WHAT YOU NEED TO DO -
Everything from the line with "Массовое ДТП случилось" through the last line of the data below should be copied exactly, apart from the pictures.

■ ■ ■ ■ ■

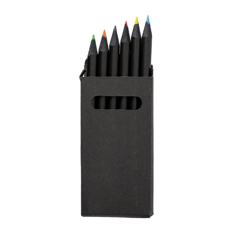 Caja negra de cartón reciclado con 6 lápices de colores.
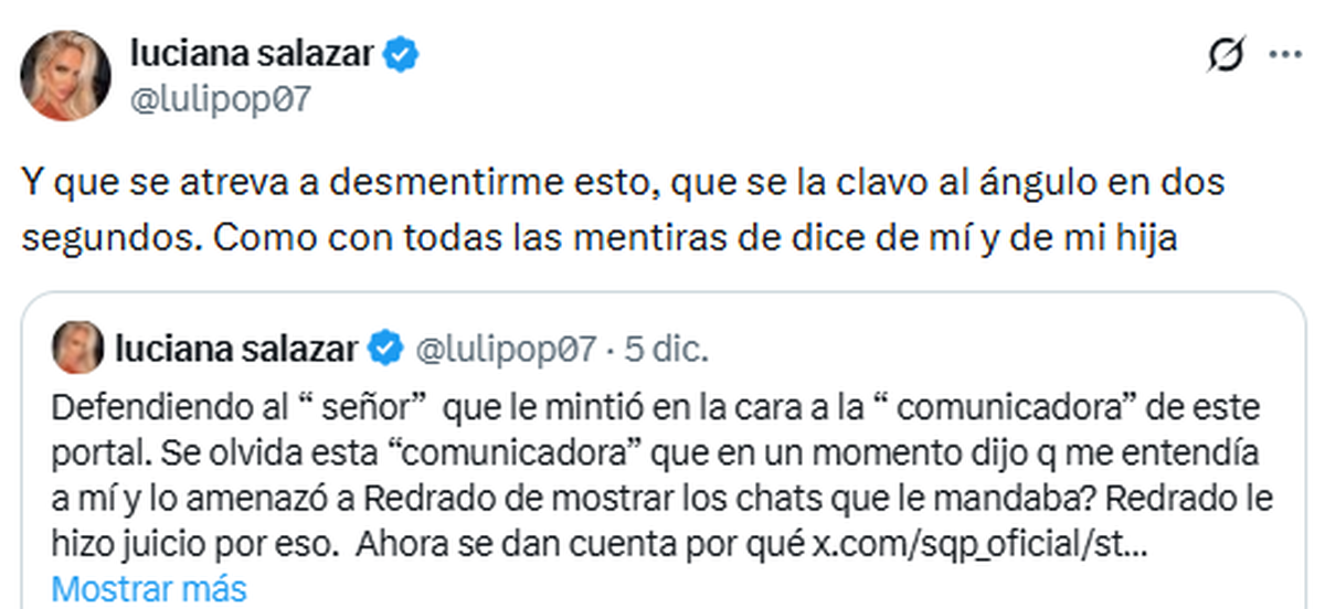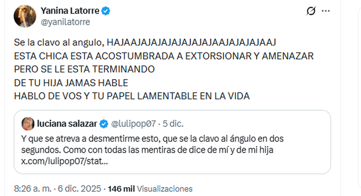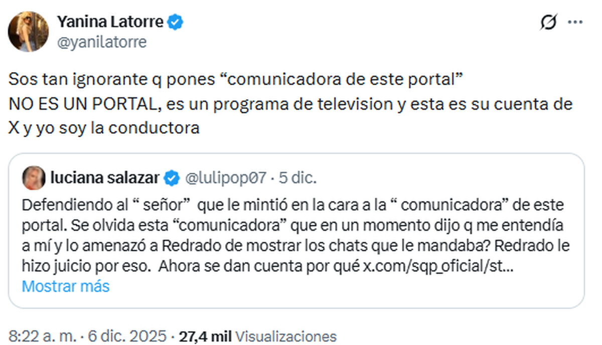 Luciana Salazar y Yanina Latorre sumaron un nuevo capítulo a su enfrentamiento, un conflicto que viene escalando desde hace meses. Esta vez, el cruce se dio en X luego de que la conductora de SQP (América TV) respondiera a un comentario de Salazar, quien volvió a apuntar contra su ex, Martín Redrado, por el festejo de cumpleaños que organizaría mientras —según ella— debe “cuatro años de cuota alimentaria”.
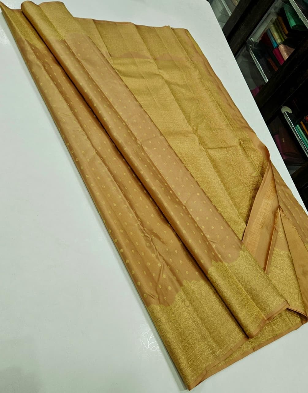 The brocade weaving across the saree features delicate traditional patterns that lend depth and dimension to the fabric without overpowering its soft color. The pallu is richly designed with elaborate zari detailing, complementing the border and adding a grand finishing touch to the overall look.
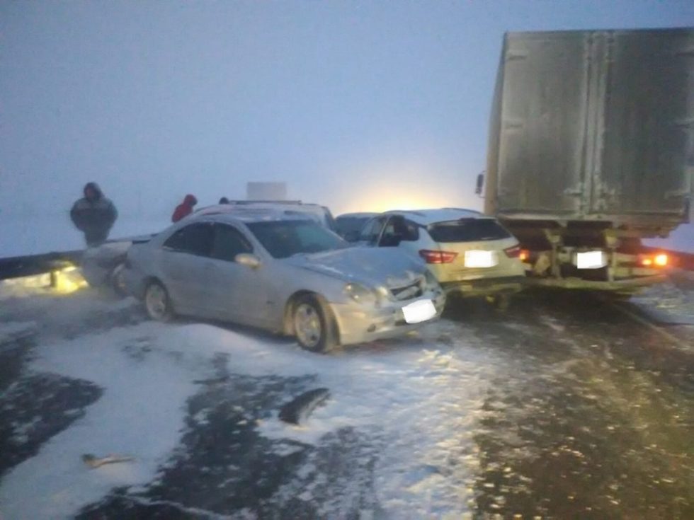 Массовое ДТП случилось на участке автодороги Оренбург-Орск. На проезжей части столкнулись семь автомобилей. Погибших и серьезно пострадавших нет.
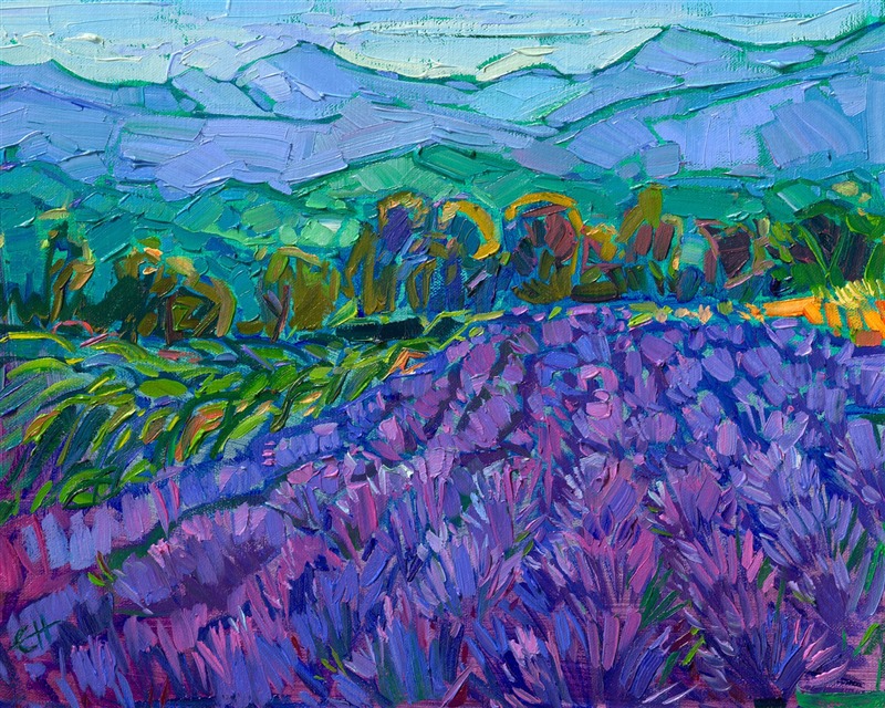 Seeing the lavender fields in Provence and Valensole was one of the highlights of my photo safari in France. This painting captures the rich colors of lavender fields against the alpine peaks in the distance. Thick brushstrokes communicate the texture and movement of the scene.

■ ■ ■ ■ ■

ANSWER SPACE -
 Массовое ДТП случилось на участке автодороги Оренбург-Орск. На проезжей части столкнулись семь автомобилей. Погибших и серьезно пострадавших нет.
 Seeing the lavender fields in Provence and Valensole was one of the highlights of my photo safari in France. This painting captures the rich colors of lavender fields against the alpine peaks in the distance. Thick brushstrokes communicate the texture and movement of the scene.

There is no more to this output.